A mall security guard passed by, and I flagged him down with my biggest, most flirty smile. “Hey there. Can I talk to you for a minute?”
He frowned suspiciously and nodded. I would have taken a five-hundred-dollar bet that he was in training to become a cop.
“Hi. We’re spending a vulgar amount of money here today,” I said, gesturing to Molly, surrounded by bags. “And it’s getting really hard to carry our purchases. Maybe there’s someone in the mall offices who’d be willing to help us out?”
I batted my eyelashes for effect.
Considering the proximity of the mall to some of the wealthiest suburbs in Michigan, it didn’t surprise me when he responded as though the request was routine and reasonable. “Let me radio down there and see what I can do.”
About fifteen minutes later, two very solicitous gentlemen in suits joined us to carry our purchases.
“This is the way you live all the time?” Molly asked in wonder.
“Not all the time. I actually don’t go shopping all that often.” I’d picked up a few things for myself from Nordstrom’s today, but nothing on the scale of Molly’s capitalist demolition.
“I would,” she said without hesitation. “I would go shopping like this every day.”
“I just don’t have the time. I’ve got my work, I’ve got Olivia—”
“That’s Neil’s granddaughter, right?” Molly asked, as though she were taking mental notes.
I nodded. “Yeah, that’s her. We didn’t bring her because—”
“Because you have a nanny?” she finished for me.
“Because she’s with her grandmother.” I didn’t want to give Molly the impression that we habitually abandoned Olivia just because we could. “We do have a nanny, but I like to be able to be home to spend time with Olivia. I don’t think it’s good for a kid to grow up without spending time with the people who love them.”
She went quiet and thoughtful for a moment. “I guess you would know about that. Because of Dad.”

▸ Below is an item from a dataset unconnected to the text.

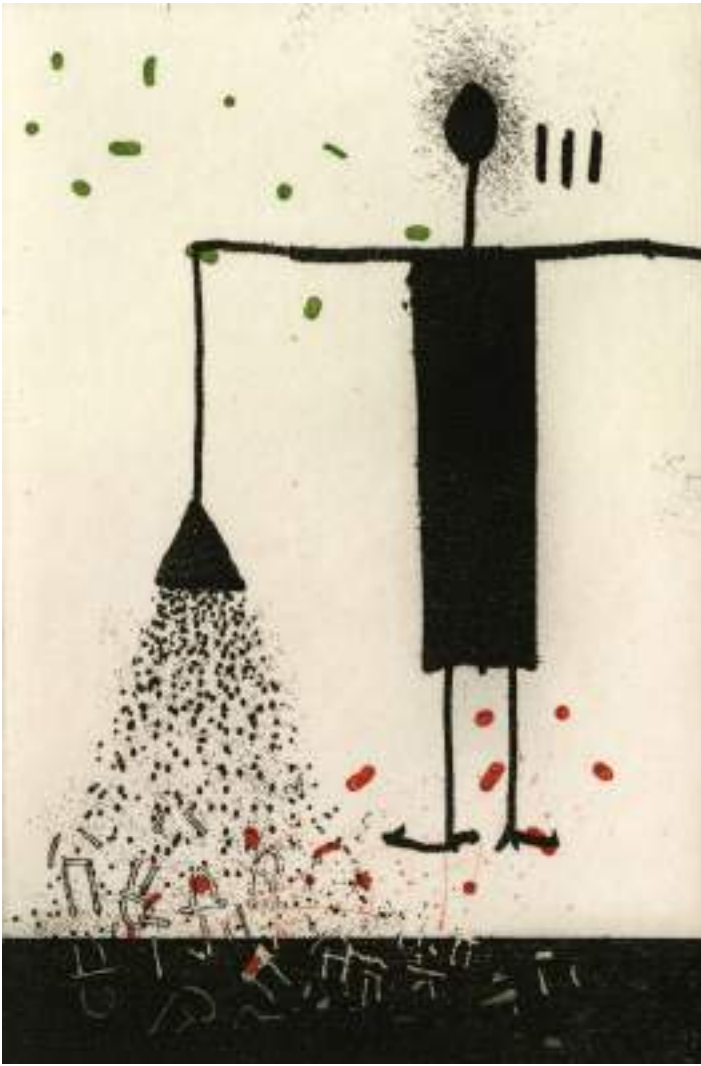
Fecundador ( grabado ).

I didn’t want to ruminate on the subject, because it appeared to bother her. Molly deserved to still think of her dad as the loving, kind man who’d raised her, even though he hadn’t done the same for me. It was difficult enough watching Susan struggle with all of this, and she was almost ten years older.
“Why don’t we go get something for your mom and for Susan?” I noticed a jeweler up ahead. “Do they like jewelry?”
“Mom doesn’t have much jewelry. Just her wedding ring. She sold pretty much everything else when we needed to buy this.” Molly tapped her hearing aid.